That said, I lost about 95 lbs eating around 150 g carb throughout most of my loss period. I've been maintaining with somewhat higher carbs.0 -
janejellyroll wrote: »Success stories from which plan?
I get about 60% of my calories from carbohydrates and have lost about 45 pounds this way. Weight loss is created by a caloric deficit, not by avoiding carbohydrates. Many people find that protein and/or fat increase their feeling of satiety (or "fullness") so they eat more of those.
This^
It's not just about eating for the short term. It's also going to be about what helps you keep your weight in-check in the future too.
I've done many short term diets........yet here I am again. Find something sustainable for you. It's going to be personalized, not just someone throwing out some "catch phrase."0 -
"Watch the carbs" could mean eat 100-150 G/day instead of 350G/day.
Why is your doctor telling you to limit carbs?0 -
CHICKIEFOX wrote: »Hello! I am new to this, but finally decided to give it a go. I didn't want losing 15# to be so complicated. Simply could not figure out what kind of diet to go on. Logging in, keeping a food journal, and spending so much time dwelling on what I eat! But friends of ours recently went on a 20-carbs-a-day diet and although they have been losing, how long can they stay on it? I gave it a try and lasted one day! That is far too restrictive, but my main concern was "is it healthy"? My doctor also says, "watch the carbs." Just what is that supposed to mean?

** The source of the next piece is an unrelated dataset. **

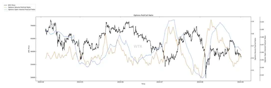 期权成交量,看跌期权比例均少量下降。

How many can you have in a day? One thing about this program is that once you set your goals and fill in some info, it DOES tell you how many carbs to shoot for in a day, and that is WAY over 20. Sorry to ramble, but could I hear some success stories on this plan? Thanks!
Carbs are fine, unless you have diabetes, or insulin resistance (even then, you just need to be more careful about them). If you don't need to restrict carbs for a medical reason, then just stick to a calorie deficit. Eat what you like, in more moderate portions.

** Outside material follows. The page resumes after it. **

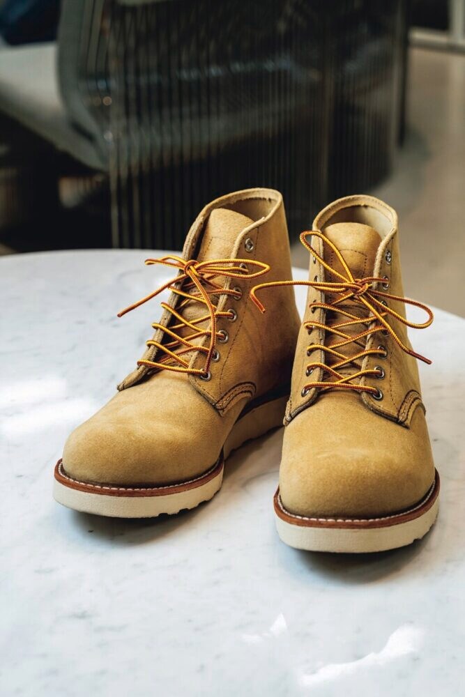 「1995年にインラインになかったブラックのスムースレザーのプレーントゥで、ホワイトソールという組み合わせたのがBEAMS別注の始まりなんです。当時は藤原ヒロシさんの影響もあって、このコンビネーションが飛ぶように売れたんです。そこから数年毎にRED WINGの別注をやっています。ブラックやネイビーのスウェードを用いた別注も反響がありましたね。BEAMS40周年の半円犬タグもすごかった。そう考えると、RED WINGさんには助けられています(笑)」

I won't cut carbs. I like pizza too much. I don't go a week without pizza.0 -
CHICKIEFOX wrote: »Hello! I am new to this, but finally decided to give it a go. I didn't want losing 15# to be so complicated. Simply could not figure out what kind of diet to go on. Logging in, keeping a food journal, and spending so much time dwelling on what I eat! But friends of ours recently went on a 20-carbs-a-day diet and although they have been losing, how long can they stay on it? I gave it a try and lasted one day! That is far too restrictive, but my main concern was "is it healthy"? My doctor also says, "watch the carbs." Just what is that supposed to mean? How many can you have in a day? One thing about this program is that once you set your goals and fill in some info, it DOES tell you how many carbs to shoot for in a day, and that is WAY over 20. Sorry to ramble, but could I hear some success stories on this plan? Thanks!

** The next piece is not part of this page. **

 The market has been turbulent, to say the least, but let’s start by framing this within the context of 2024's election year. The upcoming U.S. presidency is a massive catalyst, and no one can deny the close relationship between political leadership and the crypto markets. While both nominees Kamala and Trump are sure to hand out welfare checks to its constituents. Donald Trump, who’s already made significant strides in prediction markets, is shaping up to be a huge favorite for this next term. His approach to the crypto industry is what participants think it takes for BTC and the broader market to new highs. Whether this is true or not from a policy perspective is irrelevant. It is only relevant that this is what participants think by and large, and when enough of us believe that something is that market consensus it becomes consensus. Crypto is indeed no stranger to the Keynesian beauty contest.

people who eat anything remotely resembling the SAD (Standard American Diet) could stand to moderate their carbohydrate intake...and even more so, make better decisions in RE to what makes up that particular macro. "watch your carbs" doesn't necessarily mean low carb...and certainly doesn't mean keto (very low carbs)...moderating carbohydrate intake in order to better balance out your diet doesn't mean you have to go all of the way to the other extreme.
their are many nutritious sources of carbohydrates as well as less nutritious sources...much of the carbohydrate intake in the SAD would fall into the second category...so again, adjusting intake to reflect more nutritious sources and fewer "junk" sources.
there isn't any weight loss magic about cutting carbs...cutting carbs for many is simply an "easy" way to reduce calorie intake...i mean after all, you're basically eliminating and entire macro. some people with certain medical conditions also find it easier to lose weight with carbohydrate restriction...but for an otherwise healthy person, carbohydrates are just one of three macros...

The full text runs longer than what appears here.